-- DATASET EXTRACT follows --
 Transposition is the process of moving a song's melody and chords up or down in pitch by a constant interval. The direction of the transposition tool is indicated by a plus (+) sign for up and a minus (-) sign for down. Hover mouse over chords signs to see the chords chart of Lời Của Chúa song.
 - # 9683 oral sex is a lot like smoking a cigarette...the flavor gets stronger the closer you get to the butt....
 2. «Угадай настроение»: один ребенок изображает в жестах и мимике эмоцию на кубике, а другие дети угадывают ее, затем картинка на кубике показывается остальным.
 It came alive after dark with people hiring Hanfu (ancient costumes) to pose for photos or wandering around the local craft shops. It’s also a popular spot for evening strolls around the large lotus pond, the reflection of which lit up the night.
-- DATASET EXTRACT concluded --
-- DATASET EXTRACT follows --
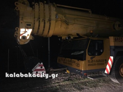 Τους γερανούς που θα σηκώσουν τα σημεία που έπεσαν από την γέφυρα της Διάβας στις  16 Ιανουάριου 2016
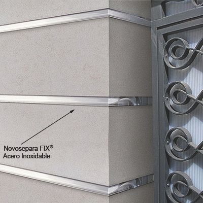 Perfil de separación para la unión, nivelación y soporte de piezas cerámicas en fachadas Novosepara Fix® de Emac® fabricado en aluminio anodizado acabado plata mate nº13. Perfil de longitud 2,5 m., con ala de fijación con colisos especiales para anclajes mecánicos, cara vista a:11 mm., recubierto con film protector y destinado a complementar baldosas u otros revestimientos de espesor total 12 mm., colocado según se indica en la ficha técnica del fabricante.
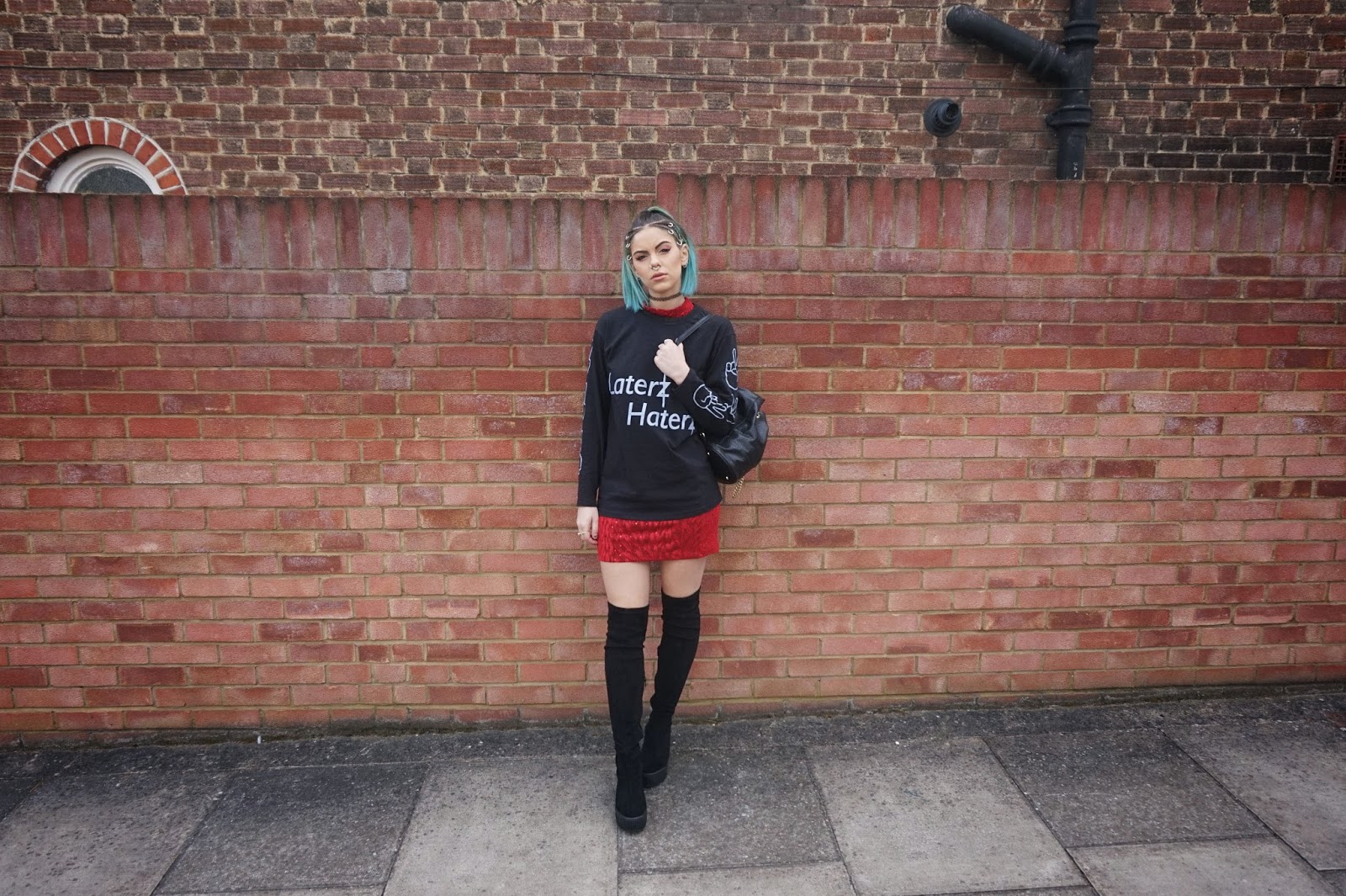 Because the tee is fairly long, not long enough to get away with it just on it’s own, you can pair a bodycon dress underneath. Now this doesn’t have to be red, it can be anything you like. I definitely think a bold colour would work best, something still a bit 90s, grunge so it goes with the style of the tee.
-- DATASET EXTRACT concluded --
-- DATASET EXTRACT follows --
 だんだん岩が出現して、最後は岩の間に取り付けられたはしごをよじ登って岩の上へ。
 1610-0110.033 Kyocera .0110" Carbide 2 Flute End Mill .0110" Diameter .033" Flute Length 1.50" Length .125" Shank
-- DATASET EXTRACT concluded --
▶ PROMPT: Here the job is to set down exactly the lines of the material above that fall between the one with "Transposition is the" and the one with "It came alive", inclusive, and nothing beyond them.

▶ EXERCISE RESULT:
 Transposition is the process of moving a song's melody and chords up or down in pitch by a constant interval. The direction of the transposition tool is indicated by a plus (+) sign for up and a minus (-) sign for down. Hover mouse over chords signs to see the chords chart of Lời Của Chúa song.
 - # 9683 oral sex is a lot like smoking a cigarette...the flavor gets stronger the closer you get to the butt....
 2. «Угадай настроение»: один ребенок изображает в жестах и мимике эмоцию на кубике, а другие дети угадывают ее, затем картинка на кубике показывается остальным.
 It came alive after dark with people hiring Hanfu (ancient costumes) to pose for photos or wandering around the local craft shops. It’s also a popular spot for evening strolls around the large lotus pond, the reflection of which lit up the night.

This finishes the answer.